As this article relates to geography and my aforementioned class-warfare rant: the Earth is indisputably a complex planetary system that has always been totally indifferent to human wants and needs. The planet has no obligation or will to act in our best human interests. We, as a people, must respond to the planet. When it shakes, we must brace or move. In other words, we must take action or experience the consequences of inaction. Crony capitalism, excessive wealth, and a government held hostage by corporate interests which prioritize profit over people are serious hurtles. The wealthy and powerful should realize that they need US - the 90% of people that lack significant amounts of disposable income. 90% is a large chunk of civilization! There is no wealth and prosperity if there is no healthy civilization on which to build a business or exercise entrepreneurial abilities. It is time to confront greed by recognizing our collective humanity - a humanity shaped and informed by geographically determined experiences. 
Kelvis Hernandez's curator insight, 30 September 2018, 00:48
An insightful and honestly, scary article.
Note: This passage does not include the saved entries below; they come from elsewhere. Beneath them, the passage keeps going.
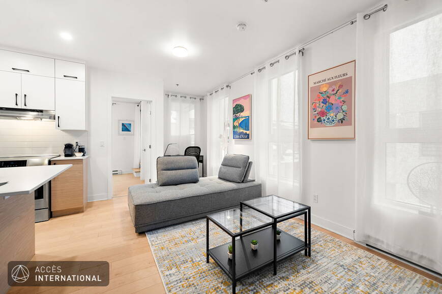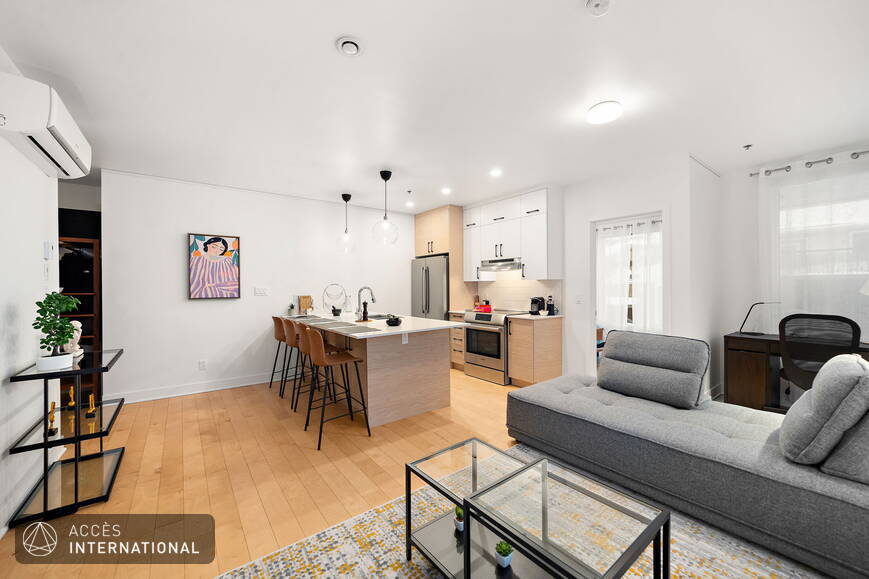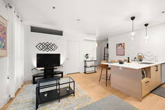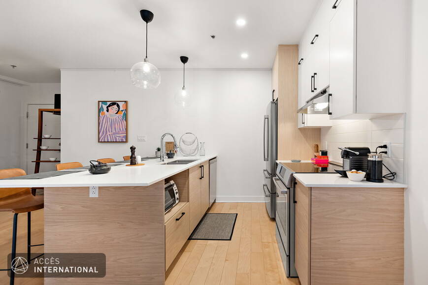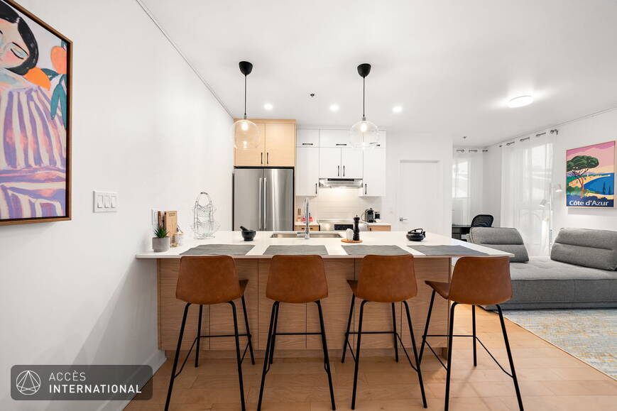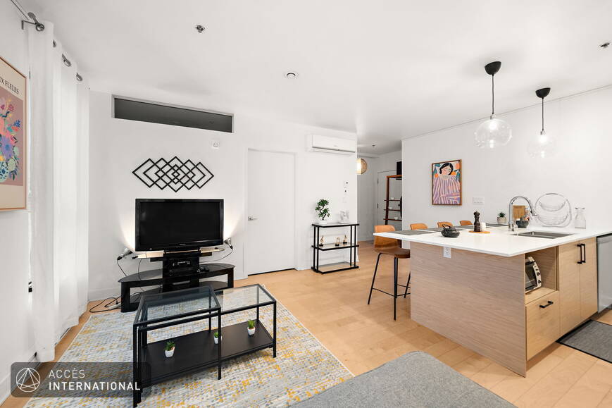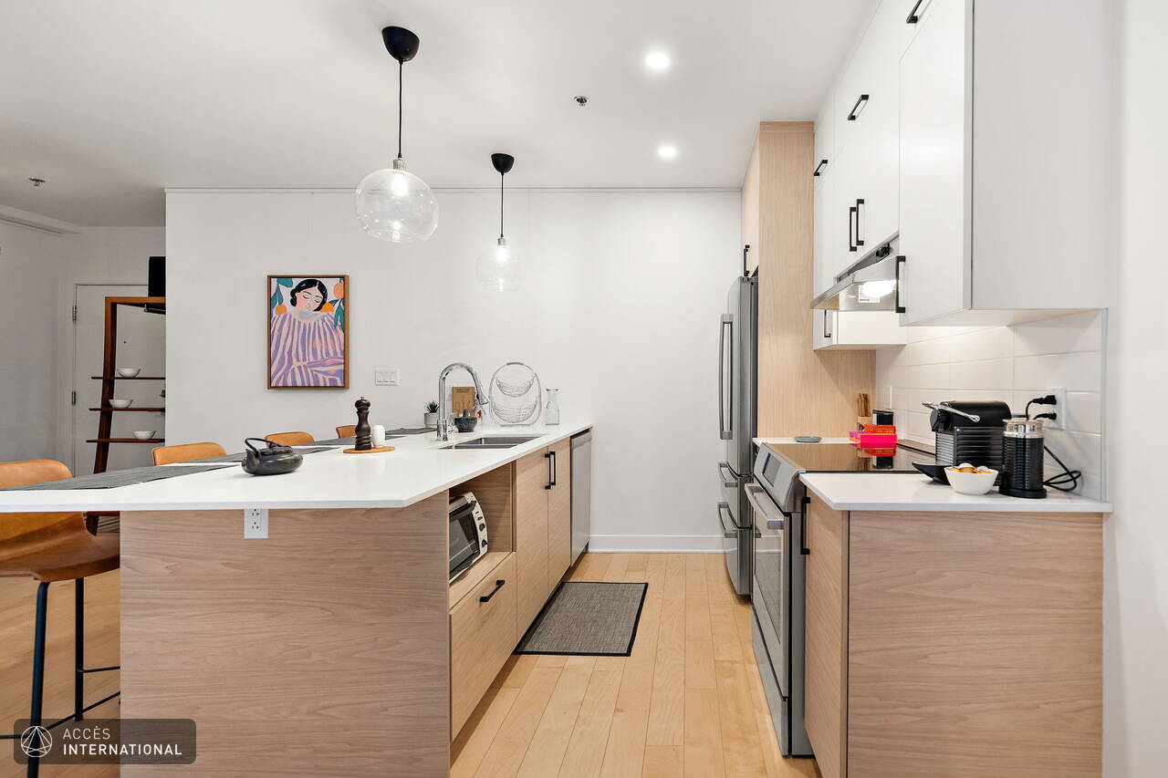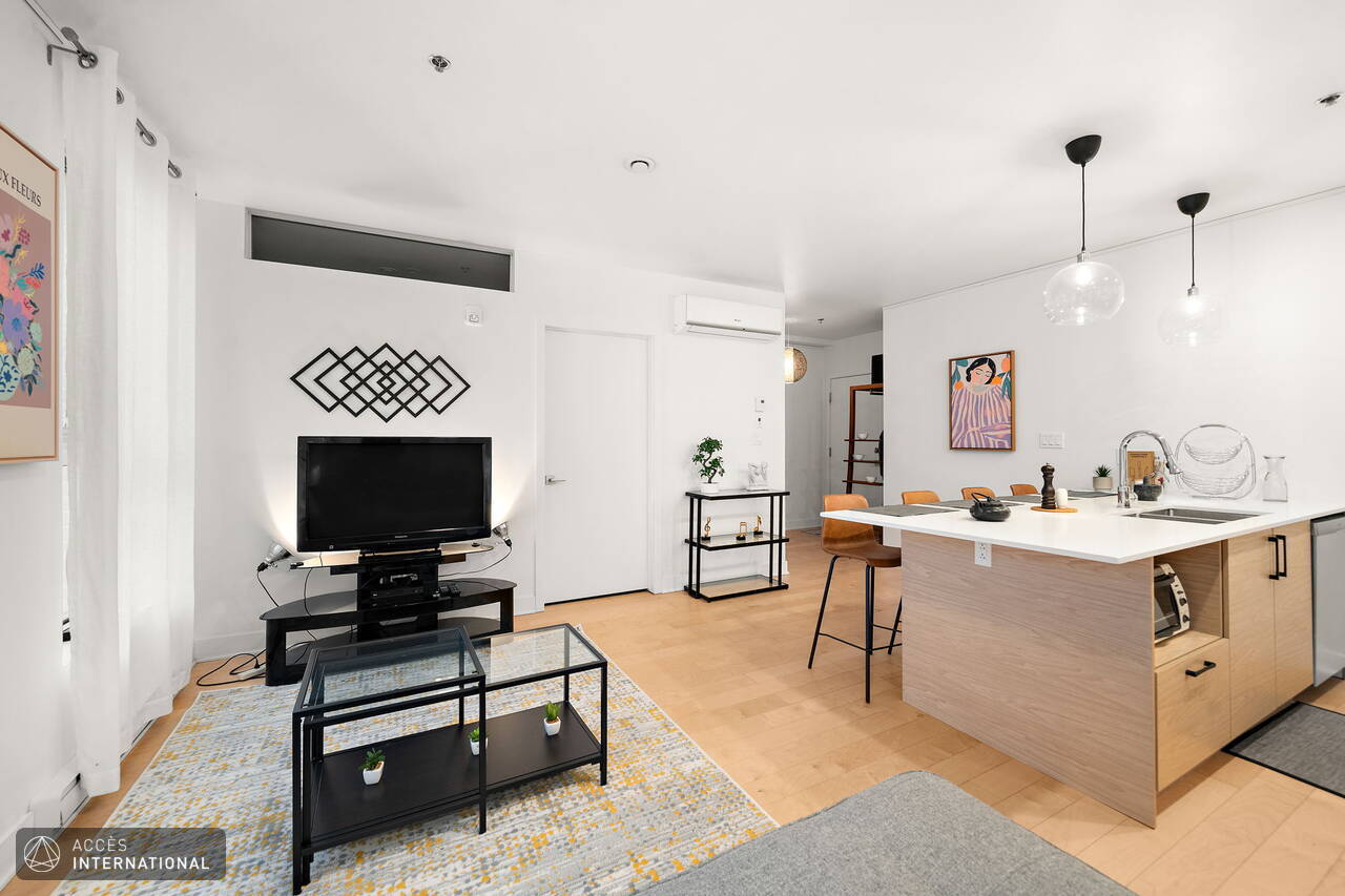 L'unité propose un espace de vie principal lumineux et convivial à aire ouverte avec vue sur le Mont-Royal et le pont Jacques-Cartier.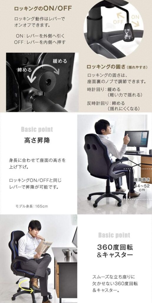 また座面の昇降とロッキング機能で、一日中快適に過ごすことができます。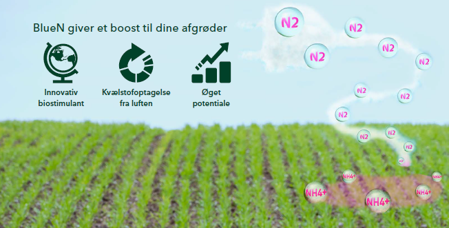BlueN er en biostimulant, som må anvendes af økologer og består af bakterier, der efter udsprøjtning trænger ind i plantens blade.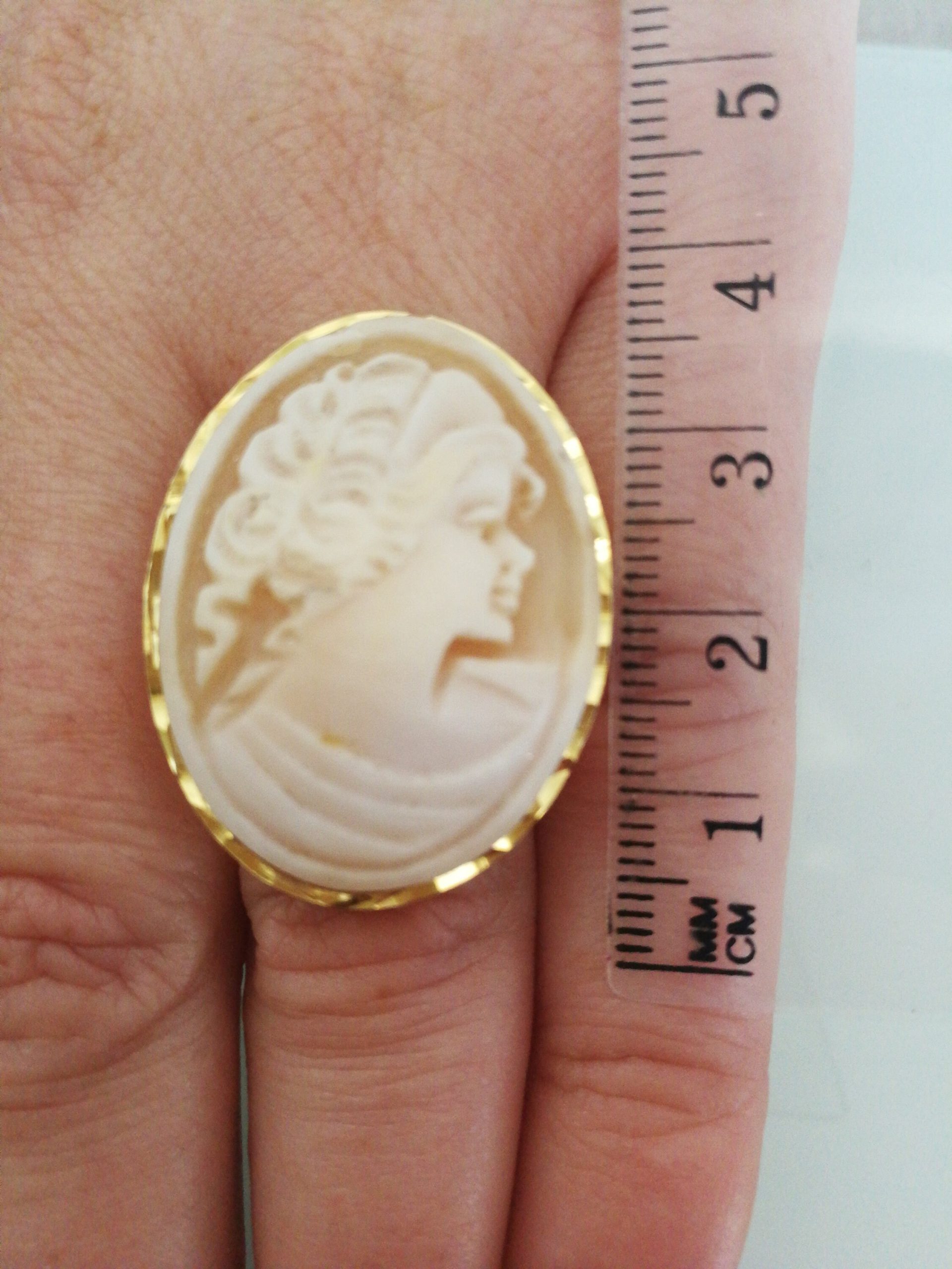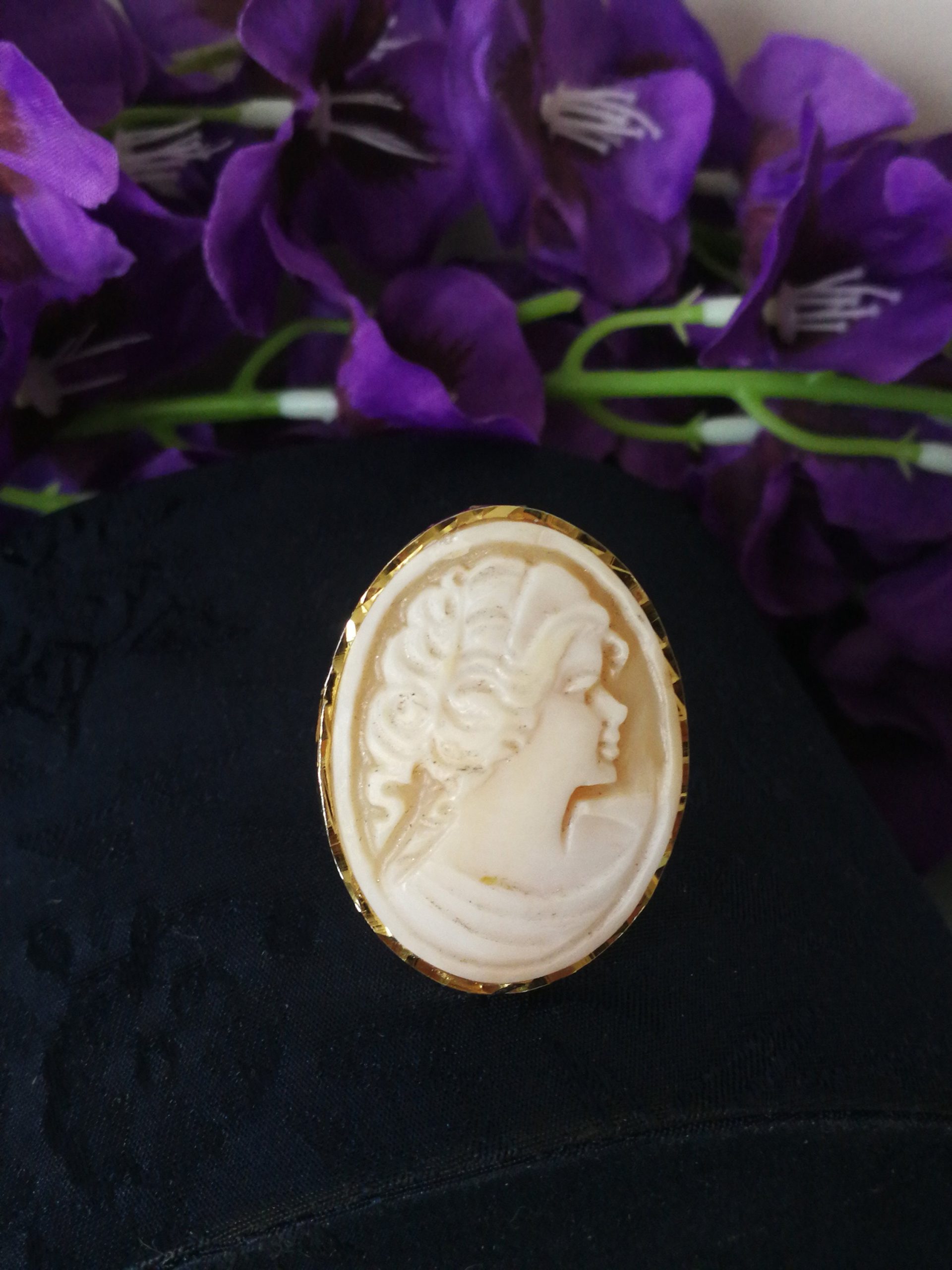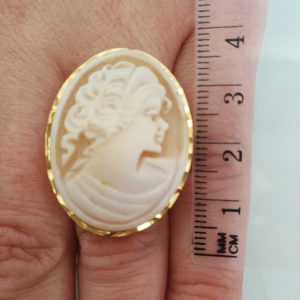 Anello bellissimo con cammeo conchiglia originale con volto di donna. Montatura in argento placcata oro, lavorazione scintillante .Il cammeo è grande lunghezza 3,5 cm /Larghezza cm 2,5.Misura anello regolabile.Con scatola regalo.Cammeo perfetto.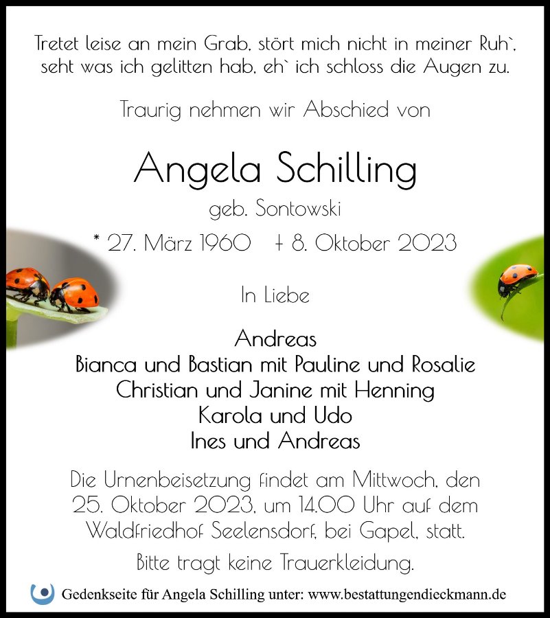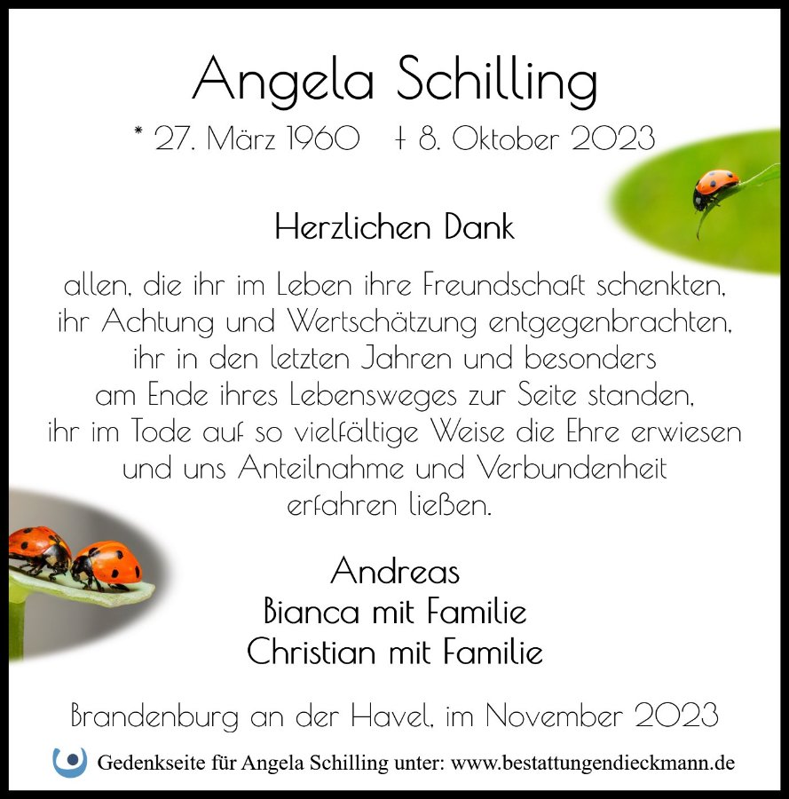 Angela Schillinggestorben am 8. Oktober 2023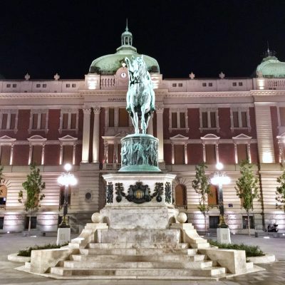 Anschließend betrieben wir doch noch etwas Sightseeing. Obwohl es schon dunkel war und weiterhin regnete. Auf mein mittlerweile etabliertes Format einer kurzen Reise in die Stadtgeschichte verzichte ich aber an dieser Stelle (mit dem Juli-Bericht 2019 habe ich diesbezüglich meine Schuldigkeit getan). Allerdings durfte Marc meinen verbalen Ausführungen lauschen, während wir vom Trg republike über die Knez Mihailova zur Festung spazierten. Belgrade by night ist natürlich auch schön und Kollege Marc würde Donnerstag und Freitag noch Gelegenheit haben, um die Stadt bei Tageslicht und wohl bei besserem Wetter zu bewundern.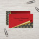 Stylish business card done in red, with graphics of a gold tone curled bottom corner, on the front, with a grey with gold pattern, below it. Black text, on the front and back, is ready to personalize to your needs. Lovely stand out card that packs a great impression.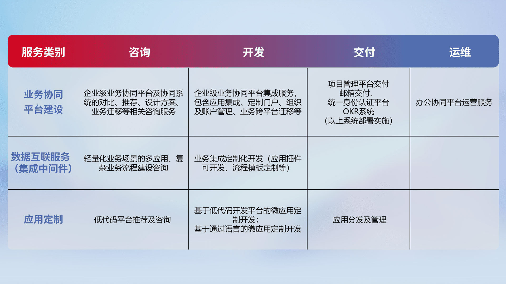 针对钉钉、、、、企微、、、、IDaas等平台级产品提供产品的规划、、、方案、、、、交付、、定制化开发等服务,,实现如统一协同办公、、智能客户服务、、混合会议管理、、、、智能数据查询、、、等业务场景,,,实现数字化转型。。。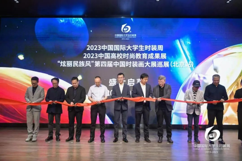 2023中国国际大学生时装周于5月16日-21日在北京隆重举行,16日高校时尚教育成果展及“炫丽民族风”第四届中国时装画大展巡展(北京站)同期开幕,我校戴鸿副校长受邀出席开幕仪式并剪彩。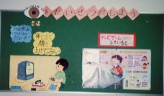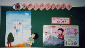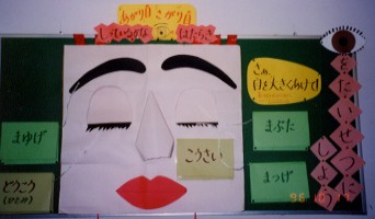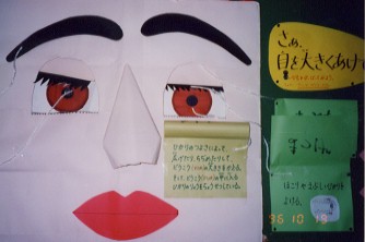 掲示板を全面使った顔。ひっぱれば、目が開いて
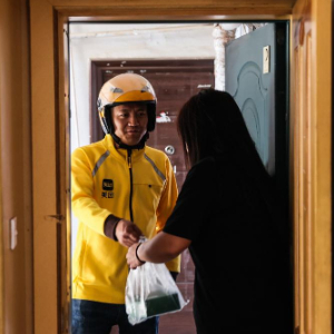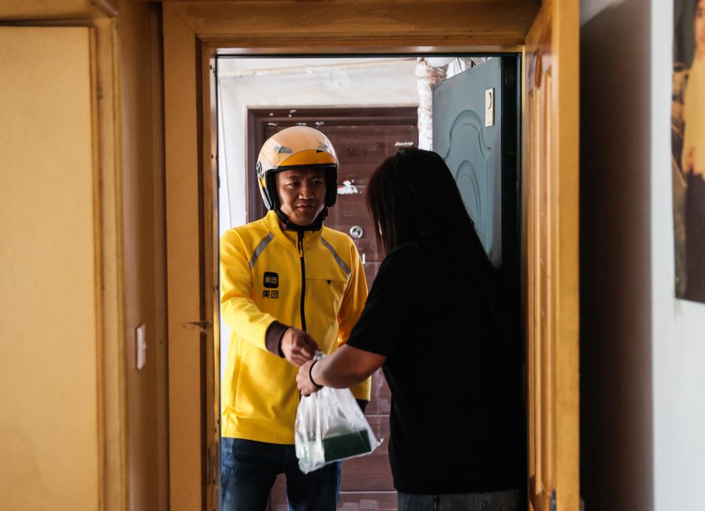 美团平台长春红旗街配送站站长王文思为客户提供服务。新华社记者 王帆 摄

Discussing the inevitable earthquake that would devastate the pacific northwest, but not knowing when it could occur makes me never want to even visit. The Cascadia earthquake which could or more likely would send a tsunami straight into Oregon. Learning from the Seaside, Oregon superintendent that three of the four schools under his charge will go from five to fifteen feet above sea level to as much as forty-five below would shake anyone to their core. So what has the state done to remedy this? Nothing, unfortunately. With no Early-warning system, he describes how one elementary school will be trapped, as they will have no escape. With the growing ocean waters on one side and a roadless bog on the other, these students have nowhere safe to go. This reminds me of the question, would you rather know how you will die or when you will die? Waiting with no clue when the impending doom will occur until it happens is too much for me. I recommend get out now and get out quick unless the state figures out a warning system, then just get out quick.
 
Corey Rogers's curator insight, 14 December 2018, 04:00
Yes, we have some serious earthquakes on the San Andres fault and in Japan but we're overlooking the one along the  Pacific Northwest. An out roar has to be made for people to be more notified of the Cascadia subduction zone, so people can prepare for tragedy. We need to realize that the way these plates move can make a major ripple effect on our way of life.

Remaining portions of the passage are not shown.